**Records drawn from a dataset:**
::::::

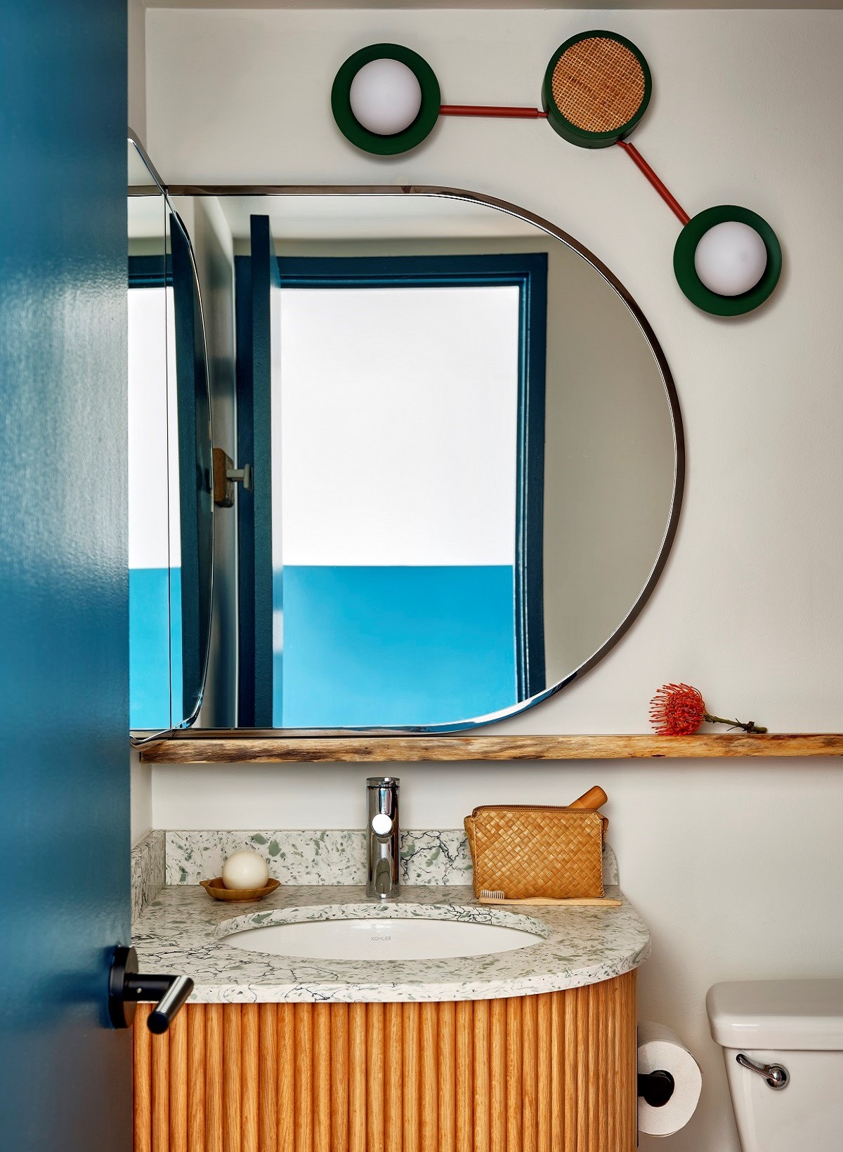 green wall with contrasting orange patterns on the headboard in Wayfinder Waikiki guestroom
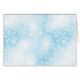 White snowflakes and lights on a soft blue background, Christmas pattern
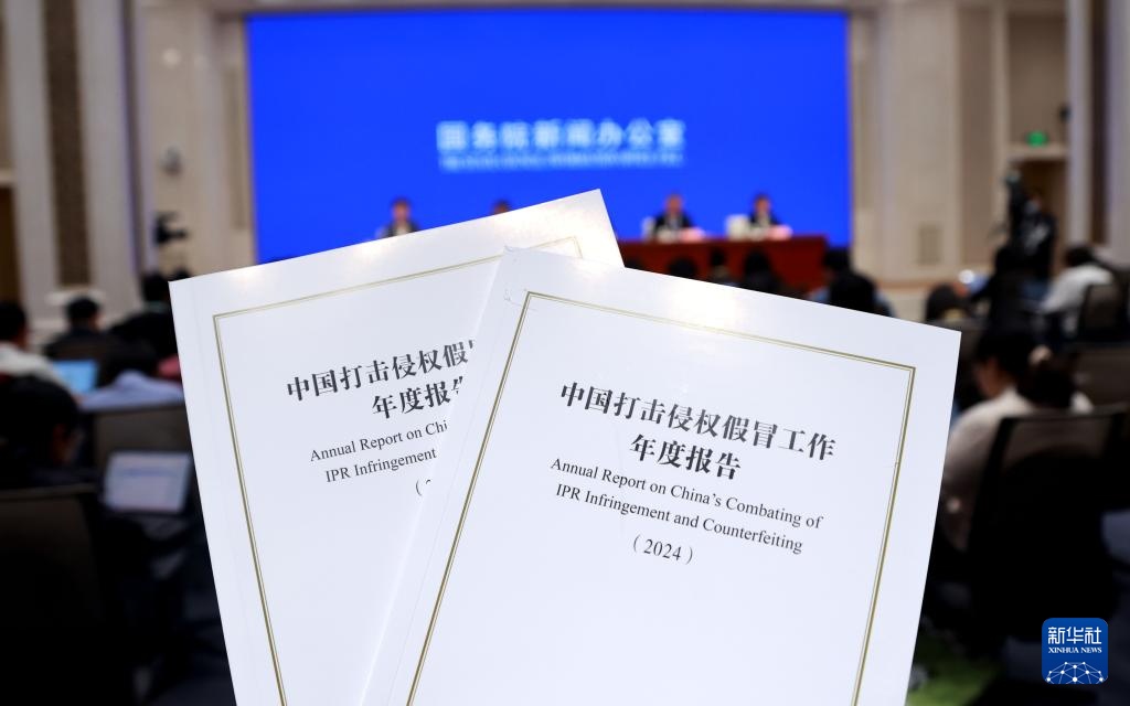 4月25日拍摄的《中国打击侵权假冒工作年度报告(2024)》。
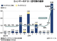 ミャンマー投資委員会(MIC)によると、2022年8月の海外直接投資(FDI)認可額(ティラワ経済特区=SEZ=を除く)は11億9,853万米ドル(約1,640億円)、認可数は19件になった。ともに過去1年で最大だった。シンガポールや中国の企業による複数の案件が認可されたためだ。金額が10億米ドルを超えたのは昨年5月以来のこと。ただ専門家は、政情不安が続き投資環境が好転していないとして、先行きには厳しい見方を示した。
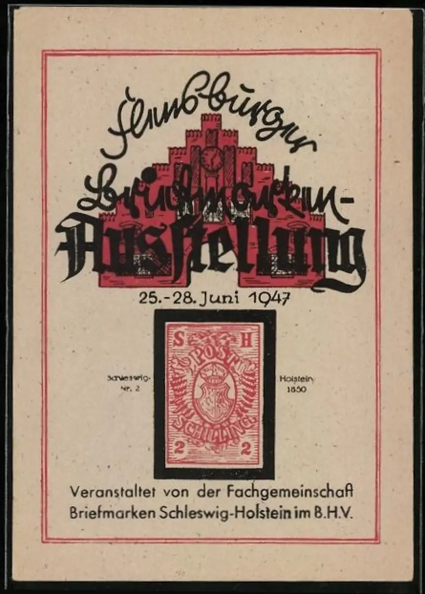 AK Flensburg, Briefmarken-Ausstellung 1947, 2 Schiling

::::::

**Work order:** Lines from the one holding "4月25日拍摄的《中国打击侵权假冒工作年度报告(2024)》。" down to the last line of the entries above must be retyped exactly, inclusive of both, with no pictures and nothing else.

**Answer to this task:**
 4月25日拍摄的《中国打击侵权假冒工作年度报告(2024)》。
 ミャンマー投資委員会(MIC)によると、2022年8月の海外直接投資(FDI)認可額(ティラワ経済特区=SEZ=を除く)は11億9,853万米ドル(約1,640億円)、認可数は19件になった。ともに過去1年で最大だった。シンガポールや中国の企業による複数の案件が認可されたためだ。金額が10億米ドルを超えたのは昨年5月以来のこと。ただ専門家は、政情不安が続き投資環境が好転していないとして、先行きには厳しい見方を示した。
 AK Flensburg, Briefmarken-Ausstellung 1947, 2 Schiling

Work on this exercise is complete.